→ **Description of the task**
Scan the entries below line by line and state how many lines contain the string "with", giving only the number.

→ **Excerpted data**
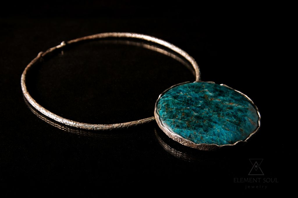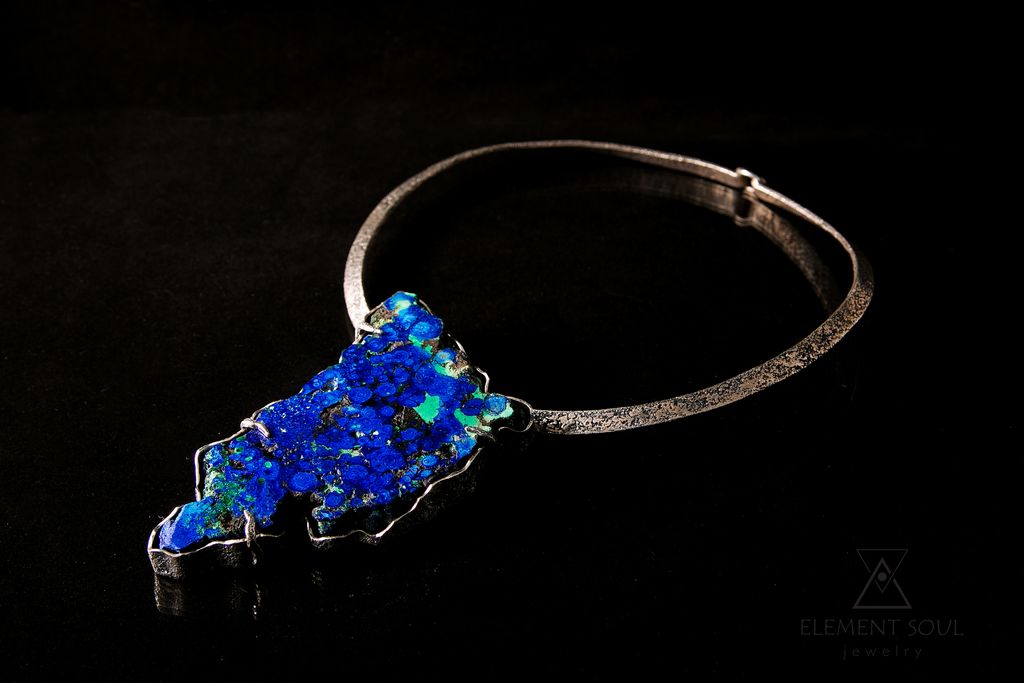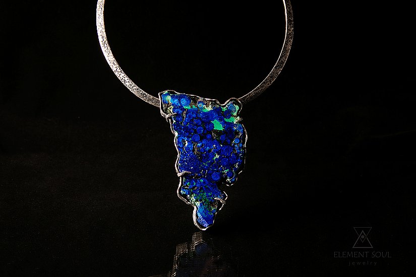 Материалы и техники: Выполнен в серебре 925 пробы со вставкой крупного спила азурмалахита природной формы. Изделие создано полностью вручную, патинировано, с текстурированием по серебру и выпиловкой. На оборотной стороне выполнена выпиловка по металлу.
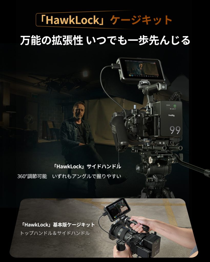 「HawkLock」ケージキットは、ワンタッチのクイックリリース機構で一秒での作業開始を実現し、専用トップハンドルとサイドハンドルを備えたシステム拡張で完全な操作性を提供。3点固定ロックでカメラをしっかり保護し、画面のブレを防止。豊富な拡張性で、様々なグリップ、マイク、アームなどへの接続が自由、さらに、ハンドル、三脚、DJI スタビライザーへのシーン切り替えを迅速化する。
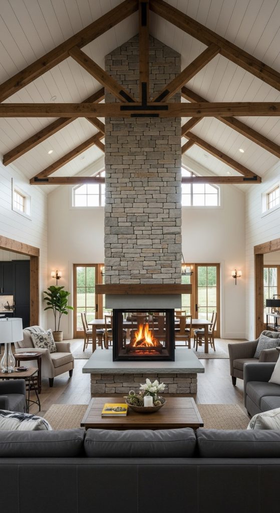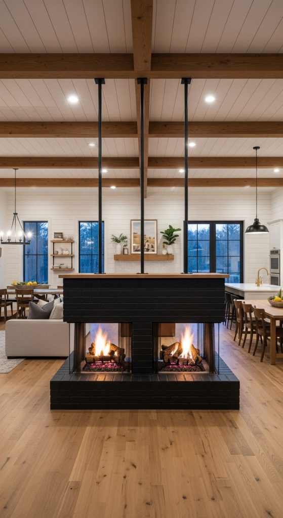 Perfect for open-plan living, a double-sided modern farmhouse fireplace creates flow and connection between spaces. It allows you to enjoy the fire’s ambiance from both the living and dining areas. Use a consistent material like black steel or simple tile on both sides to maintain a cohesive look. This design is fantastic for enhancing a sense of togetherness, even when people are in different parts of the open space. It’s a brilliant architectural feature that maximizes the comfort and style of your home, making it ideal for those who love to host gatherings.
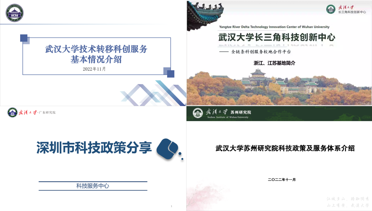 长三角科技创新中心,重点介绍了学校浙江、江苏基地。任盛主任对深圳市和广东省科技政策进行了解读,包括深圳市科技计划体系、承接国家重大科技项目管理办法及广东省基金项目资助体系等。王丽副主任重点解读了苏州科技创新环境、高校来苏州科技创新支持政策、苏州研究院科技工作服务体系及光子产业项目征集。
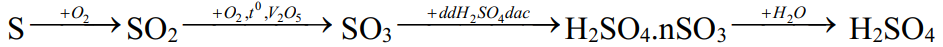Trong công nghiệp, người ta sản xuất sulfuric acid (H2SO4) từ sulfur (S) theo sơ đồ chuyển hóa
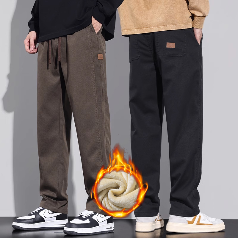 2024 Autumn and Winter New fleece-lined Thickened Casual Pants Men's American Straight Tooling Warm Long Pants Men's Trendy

==

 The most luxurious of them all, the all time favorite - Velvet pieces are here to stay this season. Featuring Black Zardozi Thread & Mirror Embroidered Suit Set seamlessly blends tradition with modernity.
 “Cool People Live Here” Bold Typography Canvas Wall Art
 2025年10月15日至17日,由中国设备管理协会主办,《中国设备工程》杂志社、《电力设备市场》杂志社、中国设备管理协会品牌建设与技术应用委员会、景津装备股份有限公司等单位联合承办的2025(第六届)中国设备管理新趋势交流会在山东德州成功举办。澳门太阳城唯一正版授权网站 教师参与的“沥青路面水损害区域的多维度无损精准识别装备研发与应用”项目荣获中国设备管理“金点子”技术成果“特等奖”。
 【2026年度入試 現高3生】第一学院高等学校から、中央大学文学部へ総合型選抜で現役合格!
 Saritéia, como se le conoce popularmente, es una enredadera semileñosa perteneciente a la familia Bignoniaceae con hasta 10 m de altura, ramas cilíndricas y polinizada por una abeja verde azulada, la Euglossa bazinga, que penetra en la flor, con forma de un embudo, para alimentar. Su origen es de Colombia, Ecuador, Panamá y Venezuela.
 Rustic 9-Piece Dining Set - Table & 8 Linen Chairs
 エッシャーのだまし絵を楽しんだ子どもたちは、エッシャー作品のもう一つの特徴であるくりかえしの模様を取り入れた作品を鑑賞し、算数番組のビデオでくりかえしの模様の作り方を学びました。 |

...

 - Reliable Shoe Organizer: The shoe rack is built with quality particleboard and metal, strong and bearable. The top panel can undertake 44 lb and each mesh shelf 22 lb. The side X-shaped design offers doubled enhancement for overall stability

→ **Task answer**
2